When to Use Streaming
Streaming is particularly valuable in three scenarios:
- Large crawls: Any crawl with
limitover 50 pages. Without streaming, the response buffer grows until the entire crawl completes, which can hit HTTP timeouts or memory limits. - Real-time pipelines: When you need to process, embed, or store data as it arrives, for example feeding a RAG pipeline or vector database during the crawl.
- Progress tracking: Each streamed line tells you which page was crawled and its status, so you can show progress to users or log metrics incrementally.
Python: Streaming with the API
Use the requests library with stream=True and iterate over lines as they arrive.
Python: Streaming Responses
import requests, json, os
def process_page(page: dict):
url = page.get("url", "unknown")
status = page.get("status", 0)
content = page.get("content", "")
print(f"Crawled: {url} ({status}) - {len(content)} chars")
headers = {
'Authorization': f'Bearer {os.getenv("SPIDER_API_KEY")}',
'Content-Type': 'application/jsonl',
}
response = requests.post(
'https://api.spider.cloud/crawl',
headers=headers,
json={
"url": "https://www.example.com",
"limit": 100,
"depth": 3,
"request": "smart",
"return_format": "markdown"
},
stream=True,
timeout=120
)
response.raise_for_status()
for line in response.iter_lines(decode_unicode=True):
if line:
page = json.loads(line)
process_page(page)Python: Streaming with the SDK
The Python SDK has built-in streaming support via the stream and callback parameters.
Python SDK: Streaming
from spider import Spider
app = Spider()
def handle_page(page: dict) -> None:
print(f"Crawled: {page['url']} ({page['status']})")
result = app.crawl_url(
"https://www.example.com",
params={
"limit": 100,
"depth": 3,
"request": "smart",
"return_format": "markdown"
},
stream=True,
callback=handle_page,
)Node.js: Streaming
Use the Fetch API with a ReadableStream to process each line as it arrives.

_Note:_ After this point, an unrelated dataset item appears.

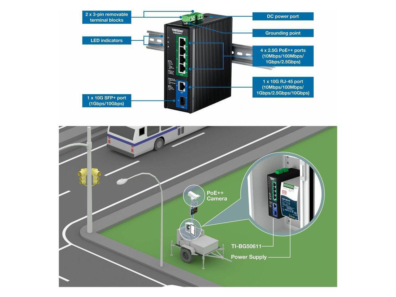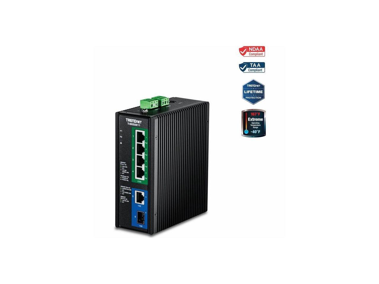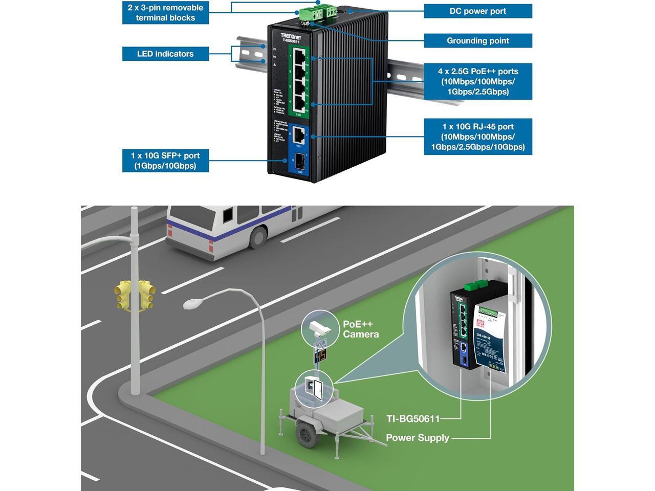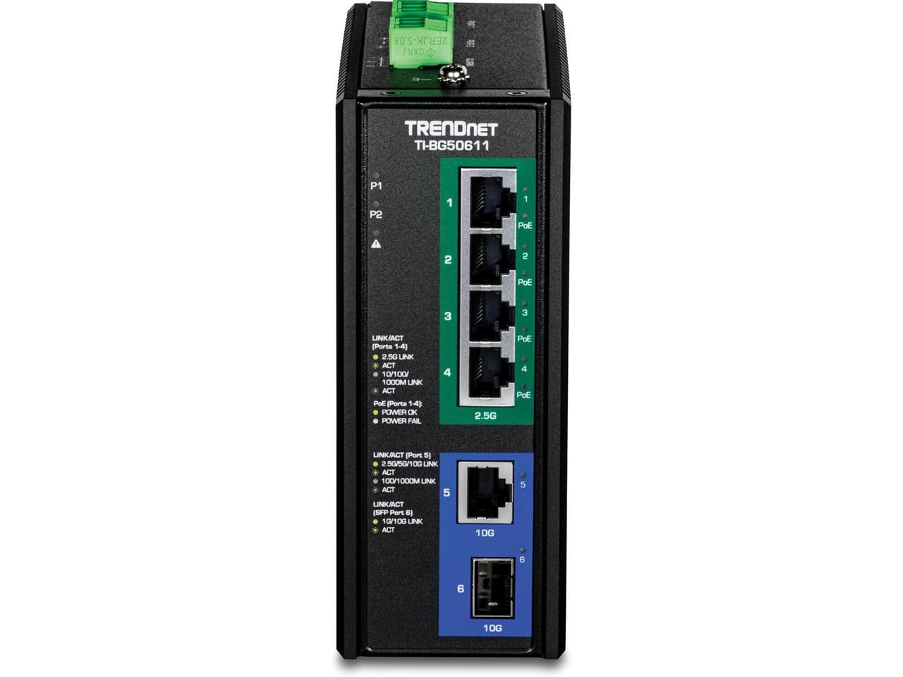 TRENDnet TI-BG50611 6-Port Industrial 2.5G PoE++ DIN-Rail Switch with 10G Ports

Node.js: Streaming Responses
const response = await fetch('https://api.spider.cloud/crawl', {
method: 'POST',
headers: {
'Authorization': `Bearer ${process.env.SPIDER_API_KEY}`,
'Content-Type': 'application/jsonl',
},
body: JSON.stringify({
url: 'https://www.example.com',
limit: 100,
depth: 3,
request: 'smart',
return_format: 'markdown',
}),
});
const reader = response.body.getReader();
const decoder = new TextDecoder();
let buffer = '';
while (true) {
const { done, value } = await reader.read();
if (done) break;
buffer += decoder.decode(value, { stream: true });
const lines = buffer.split('\n');
buffer = lines.pop(); // Keep incomplete line in buffer
for (const line of lines) {
if (line.trim()) {
const page = JSON.parse(line);
console.log(`Crawled: ${page.url} (${page.status})`);
}
}
}